I’d like to add a Project Manager’s perspective to Elliot’s post, “Losing Site of the Shore: Moving Forward with ERP and CRM.” The process traditionally chosen to manage an ERP project, a “waterfall” deployment model, has caused many projects to fail . This is not just in the “over budget / behind schedule” sense, but also refers to the “that’s what we asked for at the beginning of the project, but that’s not what we really need now” type of failure. While waterfall’s fundamental tenet of breaking projects into sequential processes still holds value; those projects that fail are the ones that do not have the foresight to consider the changing needs that can emerge both before and after Go-live.
Why all the failure? Of course there have been many successful ERP projects, but everyone loves to focus on the failures. Here’s my take:
1) Companies bite off more than they can chew. They’ve got the budget approved for a new ERP and want to spend all the money now. This results in a bloated requirements list… do you really need to replace all your spreadsheets?

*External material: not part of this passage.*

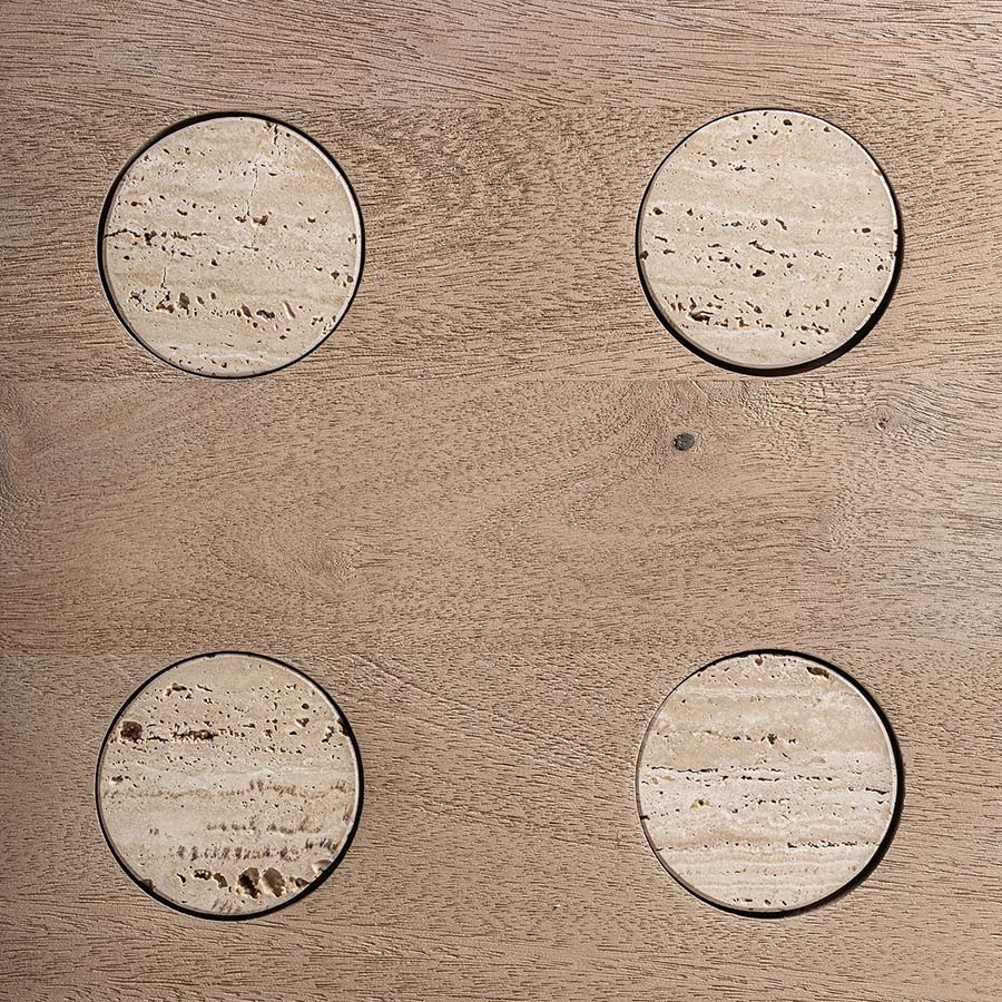 Mesa comedor Jacquard de estilo contemporáneo fabricado en madera de mango en color marrón claro combinado con travertino en color marrón. Producto desmontable.
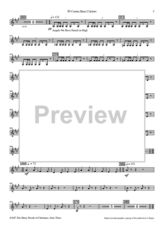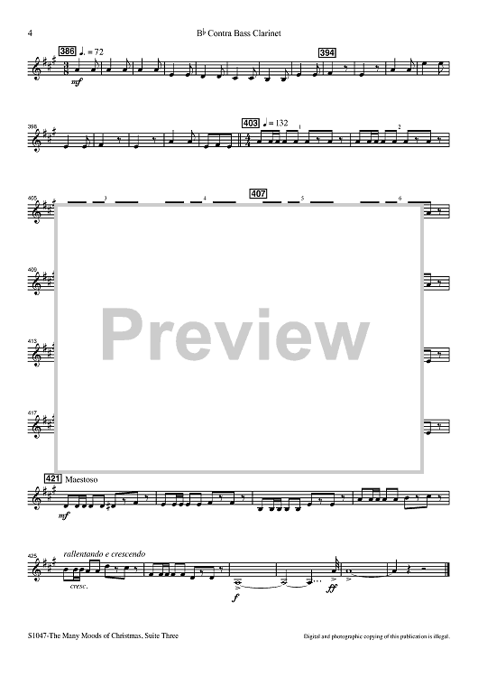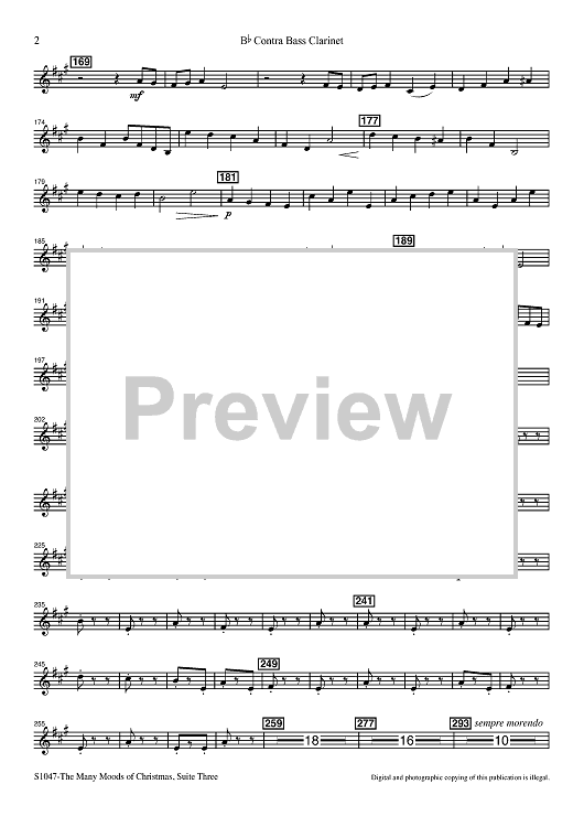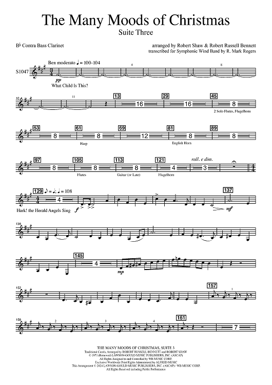 Digital Sheet Music for The Many Moods of Christmas: Suite No. 3 - Bb Contra Bass Clarinet by Robert Russell Bennett, R. Mark Rogers scored for Concert Band; id:504426

And if yes, do you have to replace them all now, or can you wait until the next phase?
2) Bloated requirements lists typically lead to extensive customizations. There’s a massive amount of information on the internet on the evils of extensive ERP customizations, so I won’t go into details.
3) Extensive customizations typically lead to projects that take too long. And when a project takes too long, not only is everyone burned out at the end (and so has no appetite for looking at phase two), it is also the case that quite often the requirements listed at the beginning of the project are no longer relevant.

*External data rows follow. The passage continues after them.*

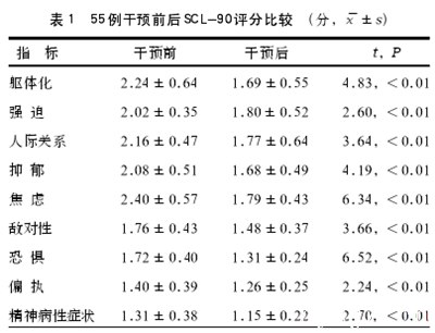 2.1 55 例干预前后 SCL-90 评分比较(表 1) 患者干预后躯体化、强迫、人际关系、抑郁、焦虑、敌对性、恐惧、偏执、精神病性症状评分均明显低于干预前,差异有统计学意义。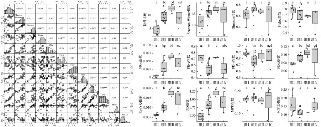 图2. 基于多维度多样性指数评价雅鲁藏布江流域鱼类多样性及群落组间差异比较
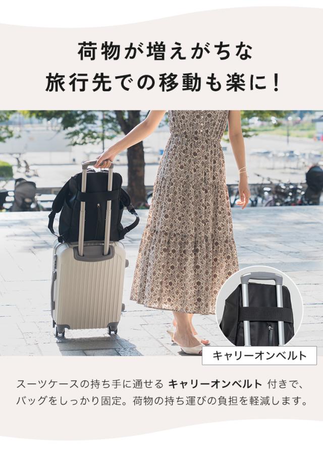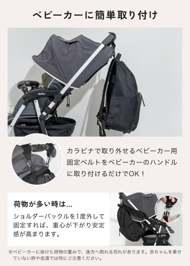 スーツケースやベビーカーに固定できるベルト付きで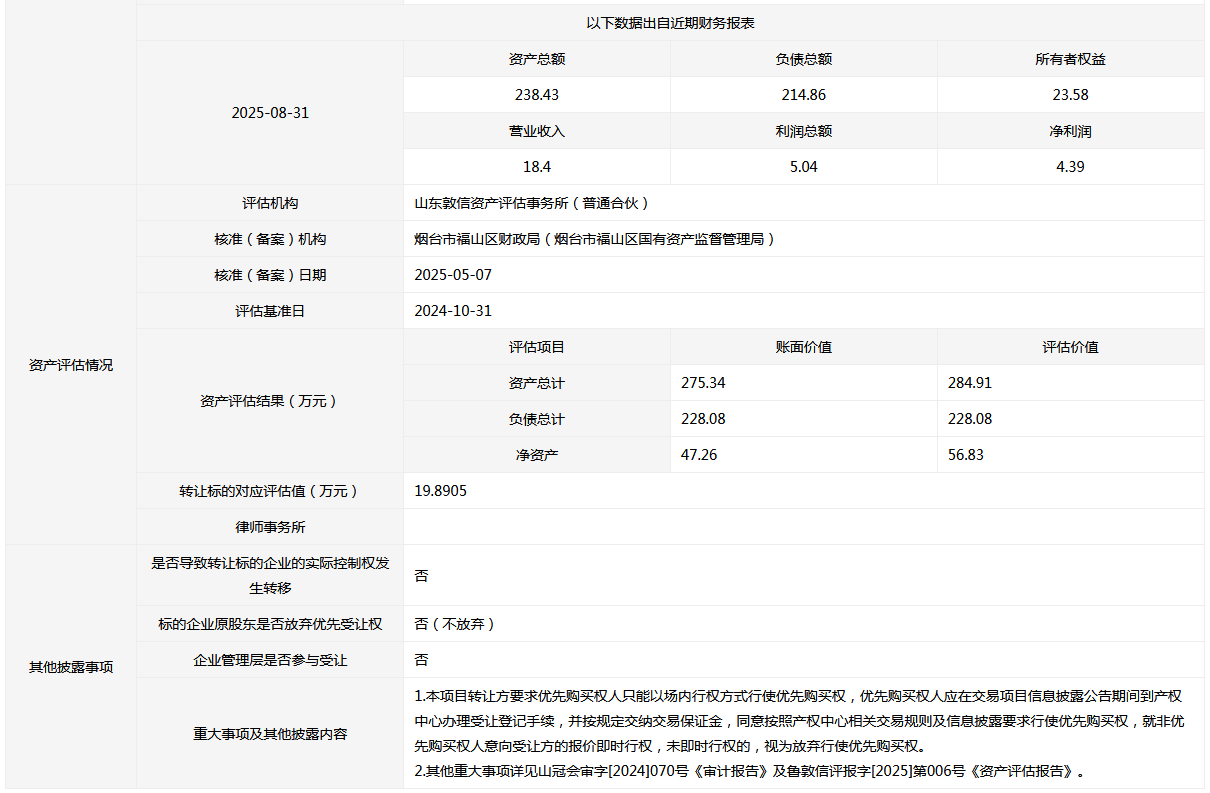 轉讓方: 煙臺市福山區(qū)財政局(煙臺市福山區(qū)國有資產監(jiān)督管理局)

How can we help? Elliot refers to a “minimum viable solution” – at Catapult we like to follow a revised ERP deployment model that spans the life of your solution rather than just focusing on the initial implementation. At a high level here are the steps:
PIA (pre-implementation analysis): This mini project lets us gather your current requirements, and match them to NAV’s out of the box functionality. We review both the gaps and fits and plan out your implementation, breaking it down into phases. Ideally phase 1 only includes the “minimum viable solution.” Always keep in mind that most ERP solutions have built-in best practice business processes; instead of asking “Why doesn’t the software do XXX our way?” ask “Why aren’t we doing XXX the best practice way?”
Phase 1 steps:
1) Design / configuration: flip the switches in the system to fit your business and design the “must have” customizations.

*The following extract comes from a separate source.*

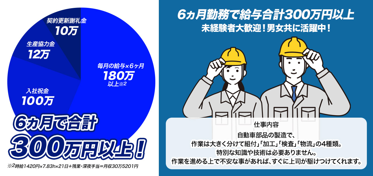 | 給与 | 月収例305,201円 ※月収内訳 時給1,420円×7.83h×21日 |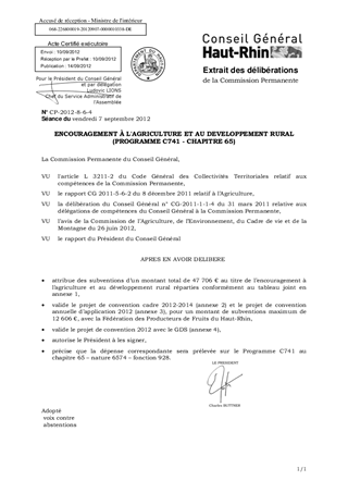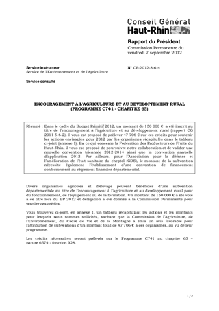 Dans le cadre du Budget Primitif 2012, un montant de 150 000 € a été inscrit au titre de l’encouragement à l’agriculture et au développement rural (rapport CG 2011 5-6-2). Il vous est proposé de prélever 47 706 € sur ces crédits pour soutenir les actions envisagées pour 2012 par les organismes récapitulés dans le tableau ci-joint (annexe 1). En ce qui concerne la Fédération des Producteurs de Fruits du Haut-Rhin, il vous est proposé de poursuivre notre collaboration et de valider une nouvelle convention triennale 2012-2014 ainsi que la convention annuelle d’application 2012. Par ailleurs, pour l’Association pour la défense et l’amélioration de l’état sanitaire du cheptel (GDS), le montant de la subvention nécessite également l’établissement d’une convention de financement conformément au règlement financier départemental.

2) Development: build any “must have” customizations and/or reports.
3) Data migration: extract, clean and move data from your legacy system to your new system.
6) Go-live: transfer your financial opening balances from your legacy system to your new system and turn it on.
Breathe: take some time to let your team rest, and let your users really get to know the product.
Phase 2: Analysis. Review the original requirements list, add any new (or changed) requirements since the PIA, and re-prioritize to develop the scope for this phase. In concept the remaining steps are the same as in Phase 1, but will vary depending on scope.
Repeat 3 and 4 above as needed to realize your vision.